Clinical Exome Test, in Visit Clinic

A clinical exome test sequences the protein-coding parts of the genome (exons) to identify genetic variants that cause inherited diseases. It examines thousands of genes to diagnose unexplained developmental delay, congenital anomalies, epilepsy, and other suspected Mendelian disorders. It detects single-nucleotide changes, small indels and some copy-number changes but may miss deep intronic, epigenetic, or certain structural variants; interpretation and genetic counseling are recommended.

Clinical exome testing typically costs about $300–$3,000 when ordered privately. Prices vary by country, laboratory, whether trio testing (parents plus child) or extra interpretation is needed, and whether insurance or public health programs cover it—some patients get testing with little or no direct cost. Check with your clinician or the testing lab for an exact, itemized estimate.

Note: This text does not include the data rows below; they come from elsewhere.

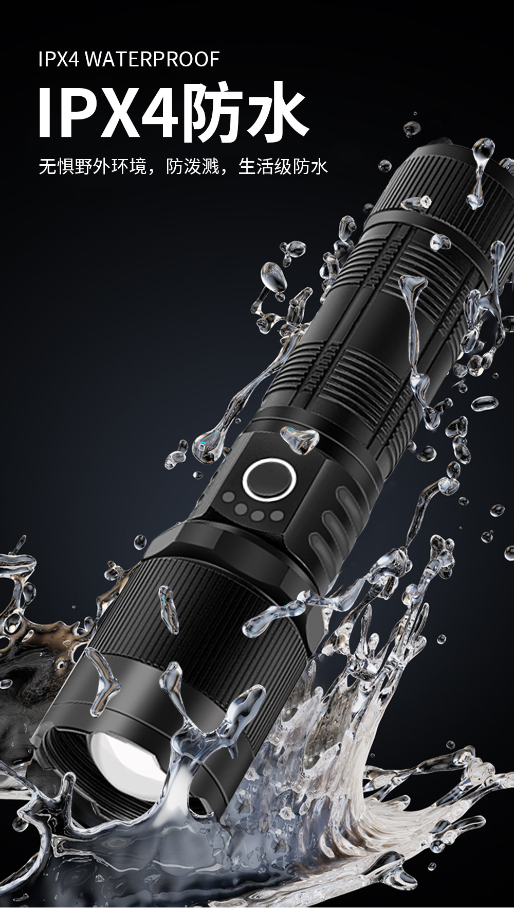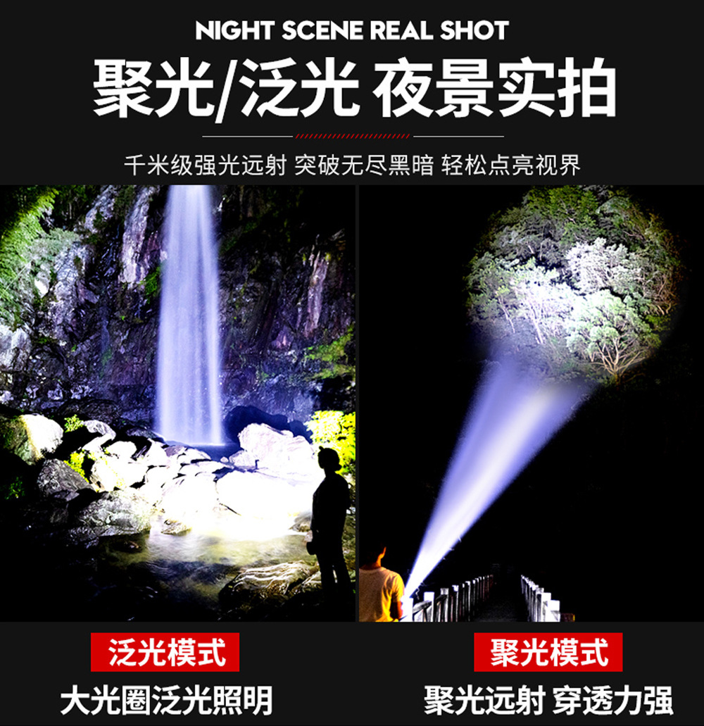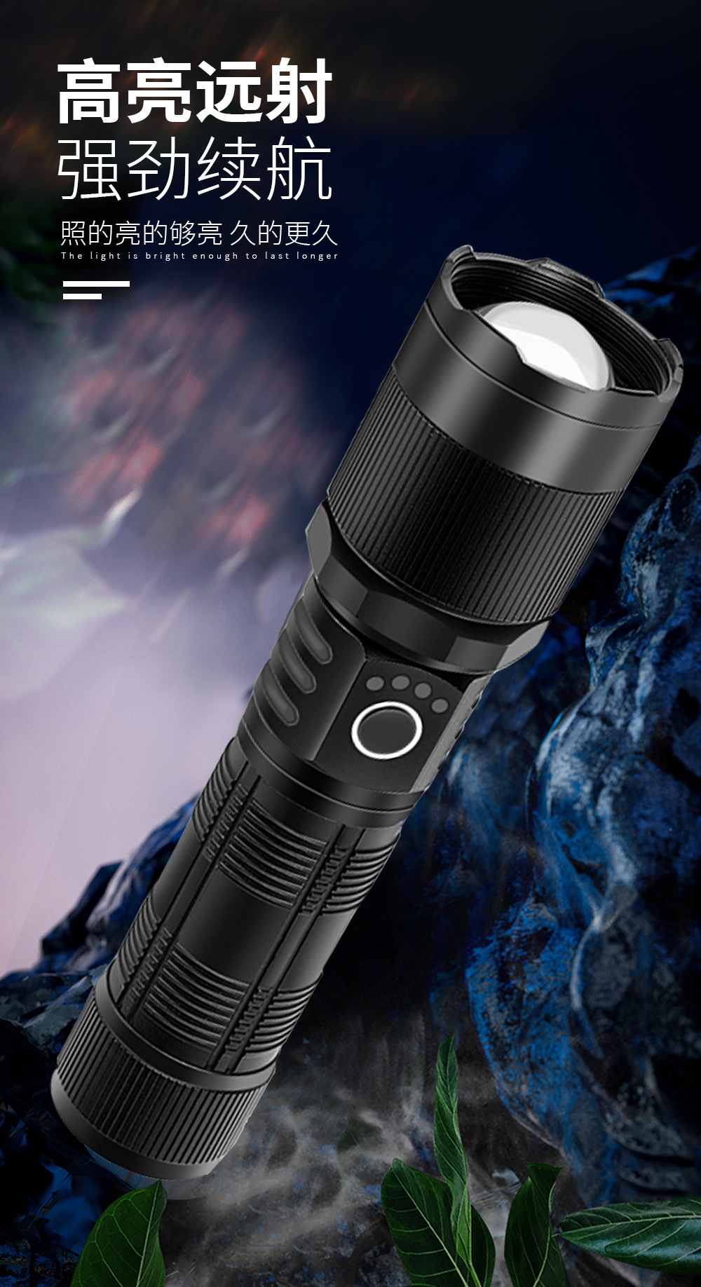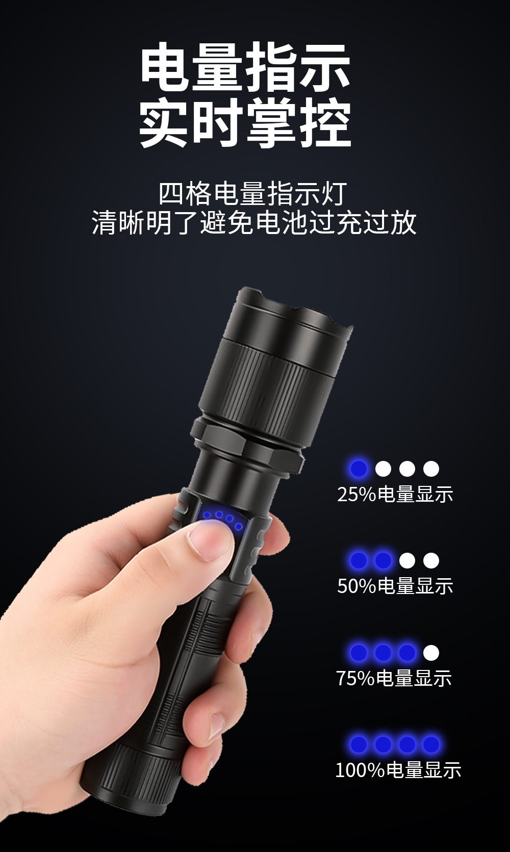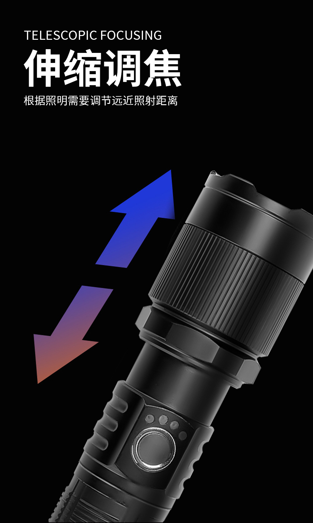 Transfronterizo nueva linterna de patrulla LED al aire libre USB recargable zoom aleación de aluminio luz fuerte linterna de alta potencia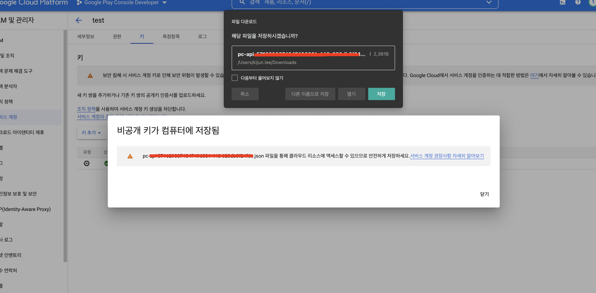 [Google Cloud Platform] 새 키 만들기 - JSON - 저장 선택하여 json 파일 저장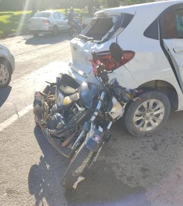 Neste momento, uma motociclista, de 25 anos, em uma Honda CG 150, que seguia no sentido contrário, bateu na traseira do Onix. Com o impacto, a motociclista e sua passageira, uma adolescente de 14 anos, caíram da moto e sofreram lesões leves.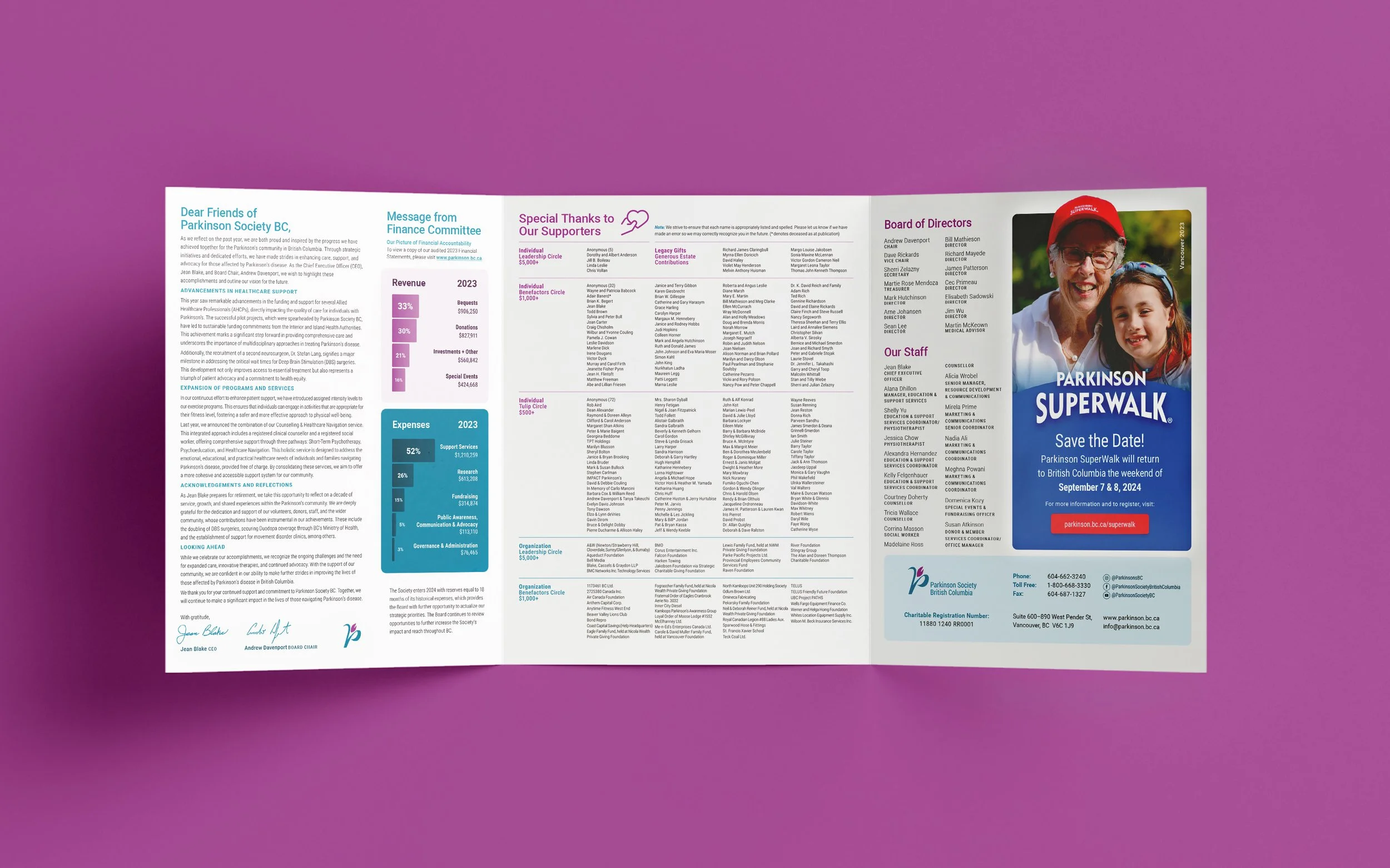 Through quarterly and annual publications, awareness campaigns and events like SuperWalk, I’ve had the opportunity to build on an existing brand as an external partner, including the introduction of illustrations, icons, and refreshed publication design. I am glad to continue working with PSBC and experiencing their mission to provide valuable resources for those affected by Parkinson's disease and to make a difference in the lives of individuals and families across British Columbia.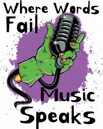 A green cartoon hand holding a microphone with the word 'Music' in the background.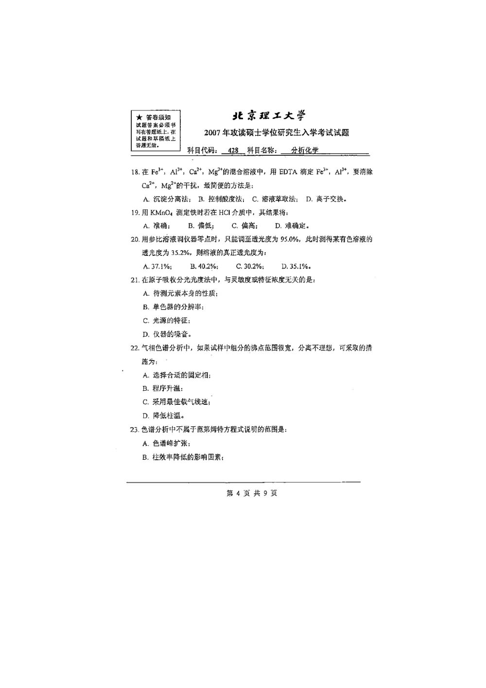 北京理工大学2007分析化学828半岛在线注册真题(4)

Exome testing sequences all protein-coding regions of genes to detect variants that cause or contribute to disease. It’s used to diagnose rare or undiagnosed genetic conditions (developmental delay, congenital anomalies, epilepsy), clarify unclear clinical presentations, guide treatment and prognosis, inform reproductive decisions and carrier status, and support targeted therapies or clinical trial eligibility. Results also aid family planning and cascade testing.

Exome sequencing can detect pathogenic single‑gene (Mendelian) variants causing many inherited disorders—e.g., cystic fibrosis, Duchenne muscular dystrophy, phenylketonuria, Marfan syndrome, familial hypercholesterolemia, Charcot‑Marie‑Tooth, hereditary breast/ovarian cancer (BRCA), primary immunodeficiencies, developmental delay/intellectual disability, epileptic encephalopathies, cardiomyopathies and many metabolic disorders. It’s best for SNVs and small indels; some structural variants, repeat expansions and mitochondrial or noncoding changes may be missed.

Exome sequencing typically takes several weeks to months. Routine diagnostic exomes usually return results in about 6–12 weeks; trio testing can be quicker (about 4–8 weeks). Rapid protocols for critically ill patients may deliver findings within 1–3 weeks. Total turnaround depends on sample logistics, laboratory workload, depth of analysis, need for parental samples, variant confirmation, and specialist interpretation.

Exome sequencing is less costly than whole-genome sequencing but still moderately expensive. Prices vary by country and setting: research tests and targeted panels are cheaper, while clinical diagnostic exomes (especially trio testing) can cost hundreds to a few thousand dollars. Insurance or public health systems sometimes cover clinically indicated tests, reducing out-of-pocket costs. Interpretation and turnaround time also add to total expense.